Le basta con eso para decidir qué ha de ser loado y qué repudiado, para marcar la línea entre lo bueno y lo malo, para determinar si corresponde aplaudir o insultar.
Así, tal como él no va al museo para ver arte sino para reforzar sus propios prejuicios y terquedades, la mayoría se aproxima hoy al debate entre Lionel Messi y Cristiano Ronaldo: obnubilados por el fanatismo, obstinados en comparar.
Volvamos a nuestro supuesto amante de la pintura (aunque, yendo con esa actitud a la galería o pinacoteca, ha de amar todo menos la pintura). ¿Es posible imaginarlo molesto ante algo de Velázquez porque sólo vale Goya? ¿O vilipendiando un mural de Rivera, porque Siqueiros es superior? ¿O indignado porque el complot, porque el sistema, porque las fuerzas ocultas pretenden situar a Miró a la altura de Dalí? ¿O incluso maquinando equipos, los maestros flamencos nunca serán vencidos por esa sarta de surrealistas?
En eso se ha convertido el debate futbolero: en comparar lo que no es cuantificable, en denigrar lo que viste el uniforme ajeno, en encabezar cruzadas armados por las vísceras de las redes sociales.
Al tiempo, Messi y Cristiano continúan en lo suyo, que es elevarse a lo más alto en la historia de su deporte. ¿Qué tan alto? Tanto como para ir los dos en camino a la cima del listado de máximos anotadores históricos. Dependiendo qué clasificación o información atendamos, se ubican ya entre los siete o diez mayores goleadores que hayan existido –vale la pena decir, nunca antes coincidieron en tiempo (mucho menos en espacio, en la misma liga) dos de esos titanes capaces de celebrar más de 600 goles oficiales.
Si mantuvieran este ritmo por otros cuatro años (cerca de 50 goles por temporada), la cumbre será suya: por encima de Pelé y Puskas, de Müller y Romario, incluso de esos dos portentos a los que se adeuda demasiado reconocimiento, como Arthur Friedenreich (mulato brasileño que para jugar debía aclararse la tez del rostro con polvos de arroz) y Josef Bican (el austríaco de ascendencia checoslovaca que se negó primero a jugar para la selección nazi y luego para todo equipo manipulado por el aparato comunista).

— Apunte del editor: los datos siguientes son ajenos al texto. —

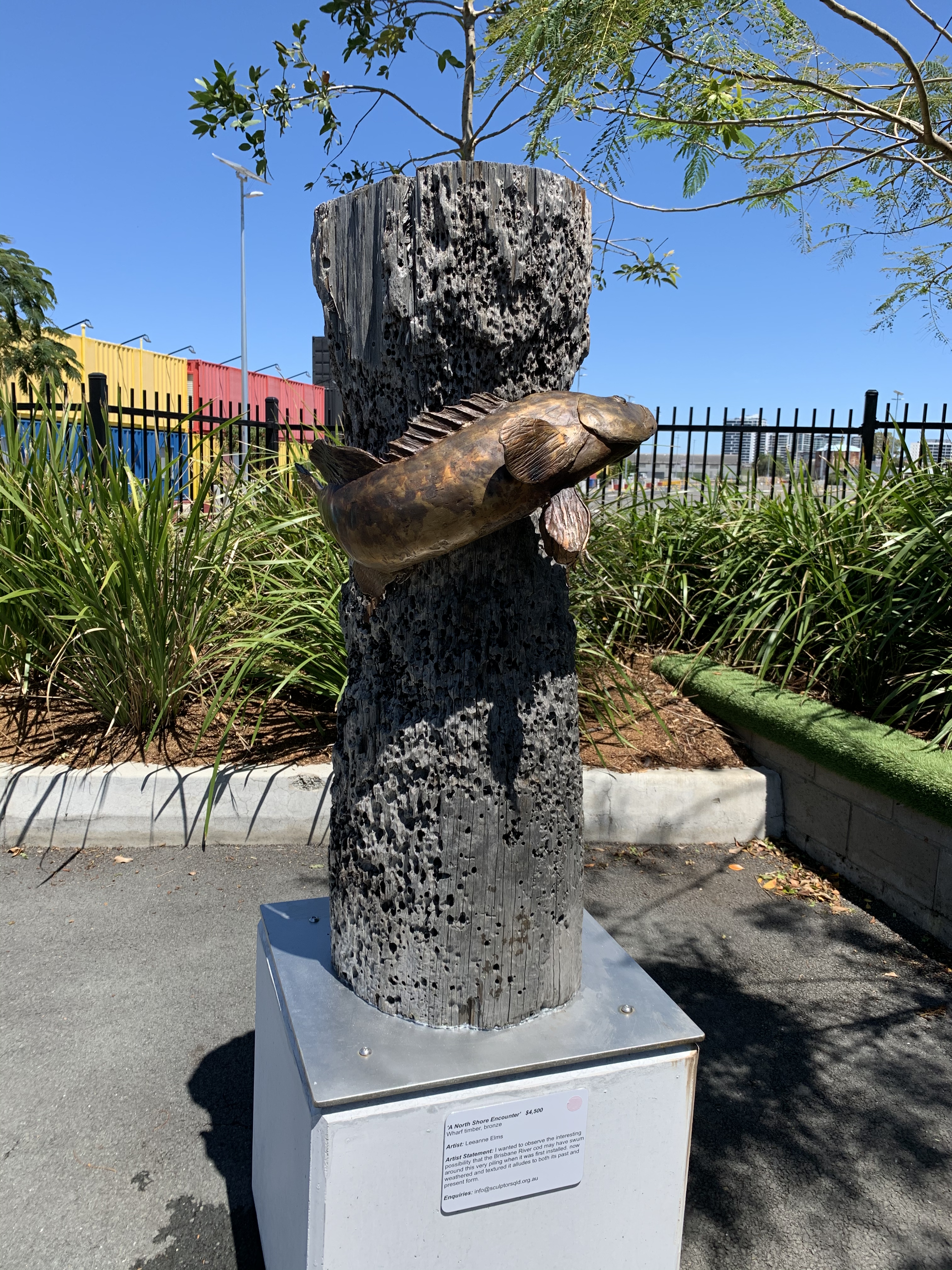 This sculpture combines heritage material, original wharf timber, with an insight into the past. Brisbane River is home to a particular type of cod, depicted in this sculpture as swimming around the piling. Although so much has changed in Brisbane, this cod has, and will hopefully, continue to be a part of our environment.

Ante ellos se miden ya los respectivos cracks de Madrid y Barcelona, a los que se les desbordan las anotaciones como a nadie en épocas contemporáneas en las ligas más poderosas. Claro que por mucho que lleguen a mil goles, se hallará razón para desdeñarlos y aminorar sus logros.
La primera razón, una venda en los ojos bajo pretexto de pasión. Esa venda que el falso amante de la pintura usa para ir al museo y sólo se quita para confirmar el nombre del autor: la calidad dictada por la firma, no por la obra.